++++ Data to examine ++++

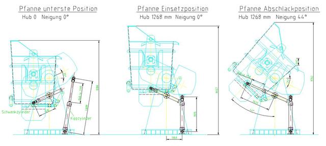 Mit dem Gießkran wird die Pfanne horizontal in den Quertransportwagen abgelegt und in den Ausbrechbereich gefahren. Das Feuerfestmaterial in der Gießpfanne wird mit schweren Stemmgeräten ausgebrochen. In der Ausbrechposition muss der Pfannenwagen mittels Hydraulikzylinder verriegelt werden können, um die Antriebe zu entlasten und ein Versetzen des Quertransportwagens während der Ausbrucharbeiten zu verhindern. Das ausgebrochene Feuerfestmaterial in der Gießpfanne soll mit einer Kippvorrichtung ausgekippt werden. Hierbei soll die Gießpfanne mit der Drehachse im Zentrum der Gießpfannenzapfen bis zu 45° gekippt werden. Das Verfahren des Quertransportwagen soll auch mit gekippter Gießpfanne (Kippwinkel 45°) erfolgen können.
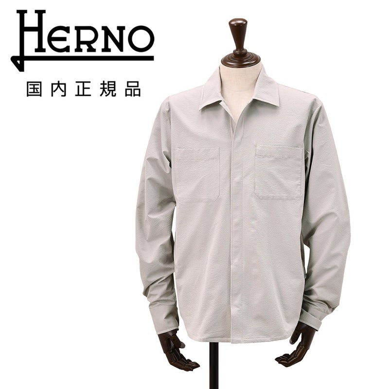 ヘルノ HERNO シャツブルゾン メンズ 長袖シャツ ポリエステルシアサッカー生地 ライトグレー 胸ポケットデザイン レギュラーフィット CM000020U 軽量 セットアップ可 国内正規品 オクテット名古屋
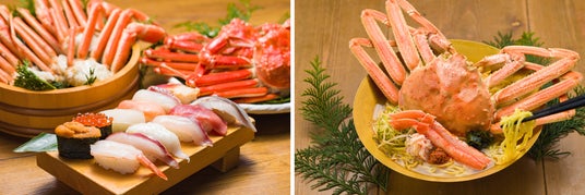 ズワイガニと高級寿司が思う存分食べられると話題!
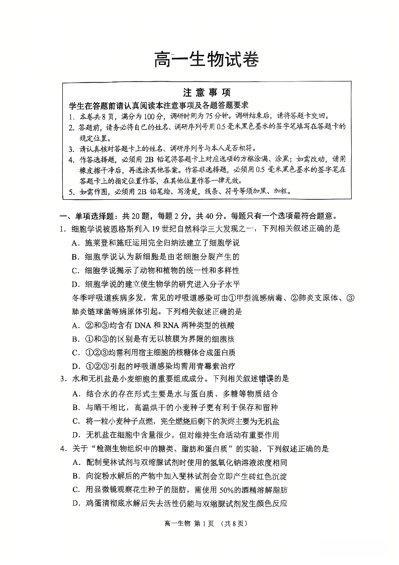 江苏省苏州市2025-2026学年度高一上学期期末考试 生物.pdf
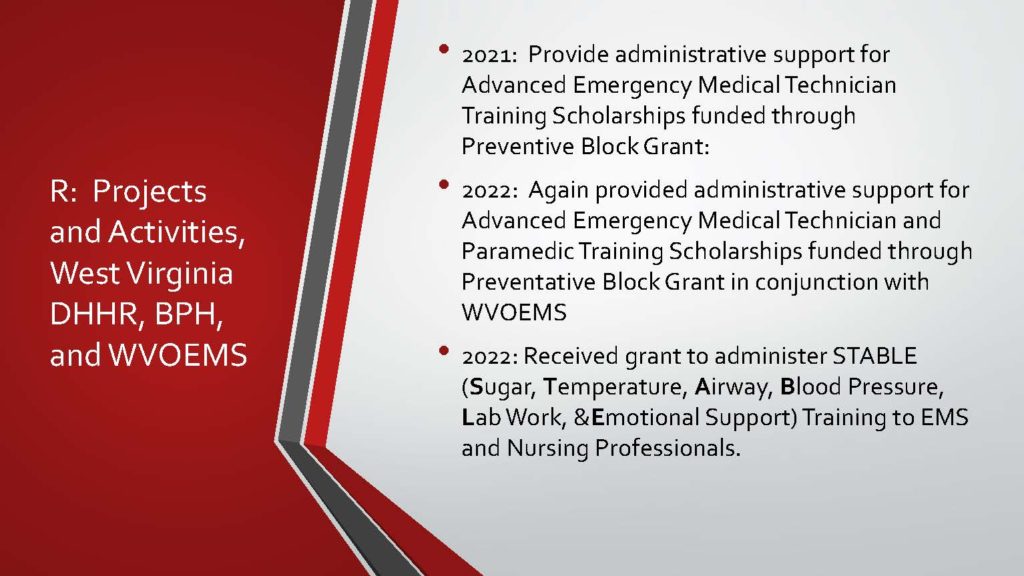 - Continuous training has been given to hospital trauma registry personnel throughout West Virginia.

++++

Transcribe exactly the lines that go from the one holding "ヘルノ HERNO シャツブルゾン" through the last line of the entries, both included, and nothing besides them. Do not include any pictures.

 ヘルノ HERNO シャツブルゾン メンズ 長袖シャツ ポリエステルシアサッカー生地 ライトグレー 胸ポケットデザイン レギュラーフィット CM000020U 軽量 セットアップ可 国内正規品 オクテット名古屋
 ズワイガニと高級寿司が思う存分食べられると話題!
 江苏省苏州市2025-2026学年度高一上学期期末考试 生物.pdf
 - Continuous training has been given to hospital trauma registry personnel throughout West Virginia.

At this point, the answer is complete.